There are times in your life when you suddenly find yourself thrown in with a new group of people. Even though it is a new dynamic it immediately asserts itself. Rituals are born. It’s like watching a cable bridge get built in hi-speed photography. First there was nothing. Then, a bridge.
My 1994 summer had a bridge like that. I don’t remember how we were flung together, Tanya, Mike, Terri and I, but it happened.
We gathered in an apartment on Main Street. It was not the hustle and bustle of today’s Main Street, Wakefield. There was no ice cream place, no theater, no restaurants to speak of. It was a graveyard at night.
This meant that I could play my acoustic guitar and sing at the top of my lungs. I was grieving many things that summer: my band was gone, my acting job was gone, my Providence life was over, and all my old wounds seemed to rear their ugly heads at once.

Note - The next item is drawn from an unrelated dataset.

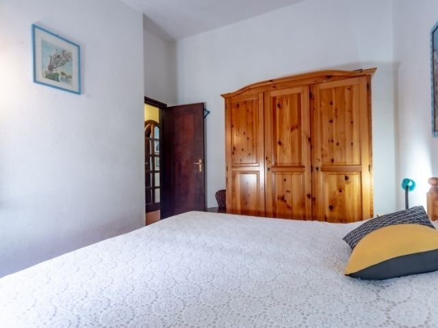 Das Anwesen der Villa Monica hat einen privaten Zugang auf der Rückseite des Hauses über den hauseigenen Parkplatz. Von dieser gelangt man auf die große überdachte Veranda mit Grillplatz, die auf den schönen gepflegten Garten blickt. Hier gibt es auch eine praktische Außendusche. Von der Veranda betritt man das Haus, in dem sich ein großes Wohnzimmer mit Kamin befindet. Vom mit viel Liebe zum Detail rustikal gestalteten Wohnzimmer gelangen Sie mit geringem Höhenunterschied in den Schlafbereich, wo sich zwei Doppelzimmer befinden, eines mit kleiner privater Toilette, ein Schlafzimmer mit zwei Einzelbetten und ein gemeinsames Badezimmer mit Dusche. Ebenfalls vom Wohnzimmer erreicht man die Küchenzeile und durch diese gelangt man zu einem zweiten Badezimmer mit Dusche und Waschmaschine.
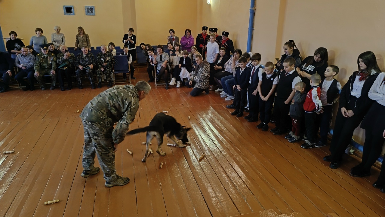 Кульминационной частью мероприятия стала встреча с необычной гостьей — овчаркой Флорой, которая продемонстрировала свои навыки выполнения команд. Школьники также имели возможность примерить настоящую военную форму.

I had torn my life down and swore I was going to New York City. But I wasn’t there yet. I necessarily had to regress, move back in with my parents, go back to work at the group homes, go back, go back, go back.
The only positive about going back was discovering new friendships with people I went to high school with. And they humored me in my need to share my music. They served as an audience when I guess I needed one. In fact, they were the entire crowd at the last musical performance I would give in Rhode Island. Even to this day.
And, fittingly enough, it was at Theatre-By-The-Sea.
A family friend had taken over the adjacent restaurant at TBTS. I knew I was going to New York and I wanted to capture the acoustic sound I was in the middle of cultivating. I needed a recording that would serve as an audition tape, a demo that I could use to get acoustic gigs once I got settled in the city. She agreed to let me use the cabaret room to record myself.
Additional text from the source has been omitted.